Brother Henry O. Studley (1838-1925) built this magnificent wall-hung chest while employed by the Poole Piano Company of Quincy, Massachusetts. In an oak clamshell box adorned with rosewood, ebony, pearl and ivory, Studley kept both tools he made and a collection of the finest hand tools made prior to 1900, including a complete set of woodworking tools as well as machinist and stonemasonry tools. To pack the 300-plus tools into a case only 19 1/2 inches wide, 39 inches long and 9 1/2 inches deep, Studley devised a jigsaw puzzle arrangement of flip-up trays, fold-out layers and hidden compartments. 
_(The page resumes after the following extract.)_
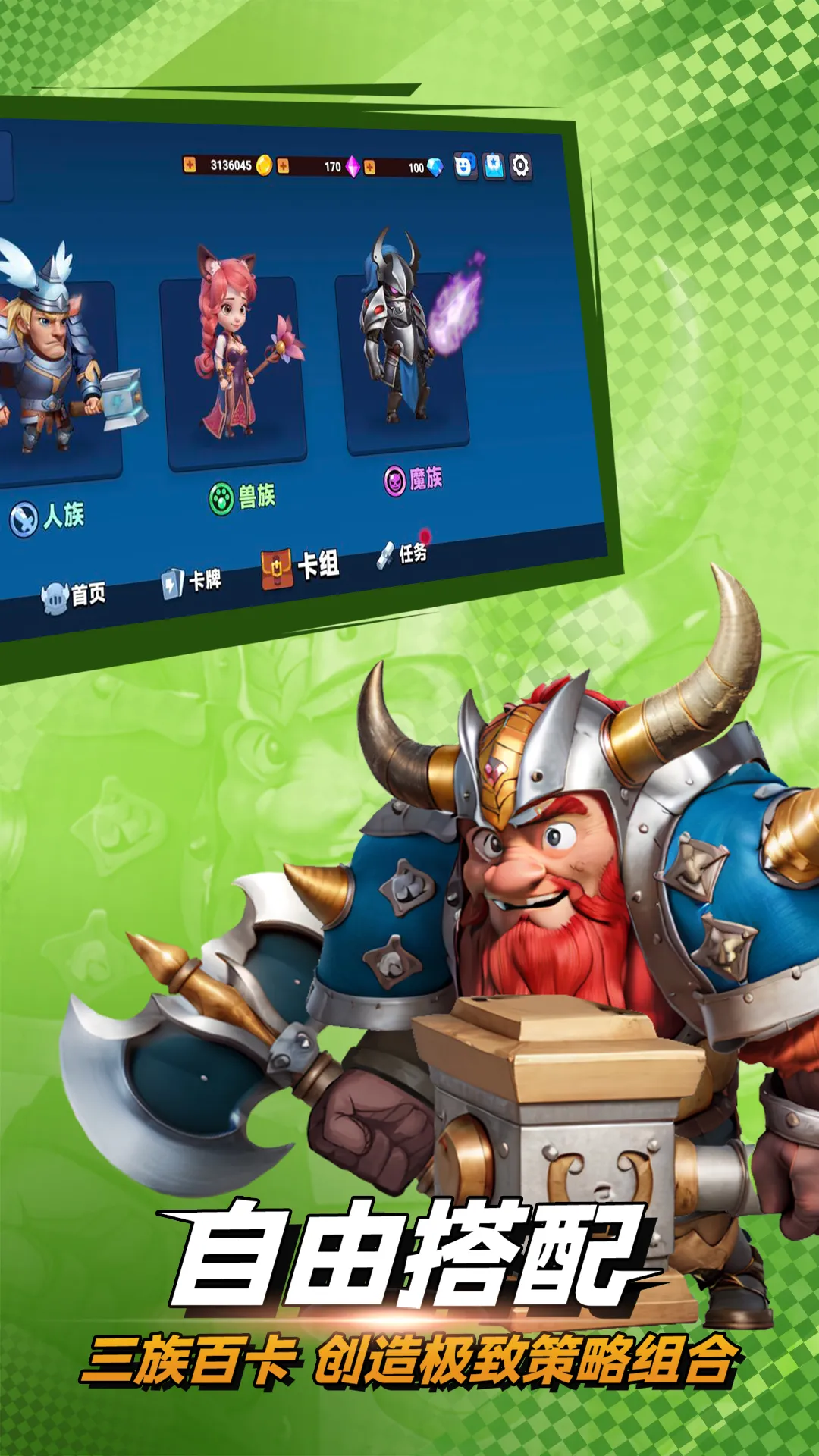 2. 三大种族体系:人族、兽族、魔族各具特色,拥有专属英雄、建筑与法术卡牌,形成差异化战术流派,如兽族护盾流、魔族旋晕控制等。

Source: Woodworking Magazine


----------



## Ripcord22A (Aug 30, 2016)

That is Amazing!


----------



## Bloke (Aug 30, 2016)

Blake Bowden said:


> View attachment 5212
> 
> Brother Henry O. Studley (1838-1925) built this magnificent wall-hung chest while employed by the Poole Piano Company of Quincy, Massachusetts. In an oak clamshell box adorned with rosewood, ebony, pearl and ivory, Studley kept both tools he made and a collection of the finest hand tools made prior to 1900, including a complete set of woodworking tools as well as machinist and stonemasonry tools. To pack the 300-plus tools into a case only 19 1/2 inches wide, 39 inches long and 9 1/2 inches deep, Studley devised a jigsaw puzzle arrangement of flip-up trays, fold-out layers and hidden compartments.
> 
> Source: Woodworking Magazine



I knew exactly what this thread was about but had to come in hoping there would be a picture of it to refresh my memory...... it's awesome and I've always loved that piece of kit


----------



## Blake Bowden (Aug 30, 2016)




----------



## Bloke (Aug 31, 2016)

Watched the video.... it is an amazing piece of art.... which I completely understand; I have something similar (in concept) for my chisels; so they are kept together as a set. It will be the same for him, to make sure his set of tools never got split up or in the back of a shed...


----------



## Warrior1256 (Sep 8, 2016)

VERY nice.


----------



## Bloke (Sep 25, 2016)

Blake Bowden said:


>



There is a shorter one here... not mention of Freemasonry... but we will see it front and centre..


----------